Galeria Prainha - Casa cheia em evento multidisciplinar no Parque Natural

O sábado foi o dia da inauguração da exposição “Com Textos Residuais”


O auditório do Parque Natural Municipal da Prainha, ficou pequeno na manhã deste sábado, dia 17, para acolher cerca de 70 pessoas que compareceram para a inauguração da exposição “Com Textos Residuais” do artista plástico Gutto Barros, além de atividades holísticas ministradas pelo Projeto Plante 1 Semente e palestras com os seguintes temas ambientais:

- “O que a água que você bebe, tem a ver com a conservação dos Golfinhos” - Mariana Alonso e Leonardo Flach. O tema abordou a grande quantidade de golfinhos que apareceram mortos em nosso litoral nos últimos meses.

 - “O Impacto do Lixo nos Oceanos” - Rodrigo Coelho. Entre outros exemplos, Rodrigo citou a grande quantidade de tartarugas marinhas que vem aparecendo mortas em nosso litoral, por estarem comendo sacos plásticos, confundidos por elas como se fossem água viva.

Foto: divulgação.

Foto: divulgação.



Abílio Fernandes, Gestor do Parque, apresentou o “Projeto Barreiras Ecológicas” desenvolvido pelo Conselho Consultivo da Unidade e moradores da região. Atualmente, uma das maiores preocupações dos frequentadores da Prainha é a ameaça de poluição da água do mar e da areia da praia, devido a poluição trazida pelo Canal de Sernambetiba, também conhecido como Canal do Rio Morto, quando ocorrem correntes e ventos do quadrante leste e que se agravam nos dias de chuvas torrenciais.

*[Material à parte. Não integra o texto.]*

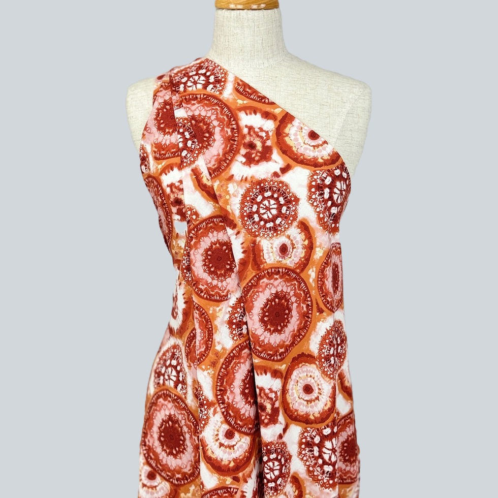 Lightweight printed Rayon / Cotton blend provides a breathable and comfortable feel with versitility. At 85gsm this fabric offers multiple end uses including lined dress, shirt, blouse, top, etc

A ideia proposta é de implantar barreiras de gigogas ao longo do Canal, que agiriam como filtro, um vez que essas plantas se alimentam e se proliferam em razão do esgoto clandestino que vem sendo lançado no local. As gigogas têm sido apontadas como a principal causa da proliferação de mosquitos na área. Embora não sejam tóxicas, mas com a grande massa produzida em suas desenfreadas proliferações, podem causar danos ambientais e prejudicar a vida aquática.

Ao cobrirem as superfícies de lagos e lagoas impedem a entrada da luz solar, comprometendo a realização da fotossíntese ou em sua putrefação, podendo ocasionar baixa oxigenação da água o que desencadeia uma série de danos à micro e macro biota aquática (plânctons e peixes). Suas raízes com pêlos são altamente eficientes na retenção de partículas, possibilitando a remoção de sólidos em suspensão, metais pesados e micro poluentes orgânicos.

São ótimas absorvedoras de nitrogênio e fósforo do sistema, embora recomenda-se seu uso com atenção, pois na sua decomposição, ela realimenta o ciclo, e pode se transformar em um problema ambiental. Com um manejo adequado, pode ser um agente de despoluição. Estudos revelaram que os aguapés quando cultivados de forma correta podem despoluir 1 ha, diariamente os esgotos brutos correspondentes a uma população aproximada de 2.500 habitantes.

Foto: divulgação.

Foto: divulgação.



O Projeto tem também como foco principal, fortalecer a consciência ambiental da população, sobre a importância de sua participação na dissolução de impactos ambientais que ameaçam a qualidade de vida na região, interagindo a sociedade civil e o poder público.

O projeto, como supracitado, será encaminhado aos Órgão Públicos competentes para analisarem sua viabilidade.

Outra atração do evento foi a presença do nativo Xumaya Xya, da tribo Fulni-ô de de Aguas Belas Pernambuco. Xumaya, vestido a caráter, falou sobre sua cultura e a forma sustentável que os nativos brasileiros tratam o meio ambiente, além de ter apresentado alguns cânticos de sua etnia, juntamente com a Terapeuta Cláudia Braune – Plante 1 Semente. Foi um momento de meditação e confraternização muito bem aproveitado e elogiado pelos participantes.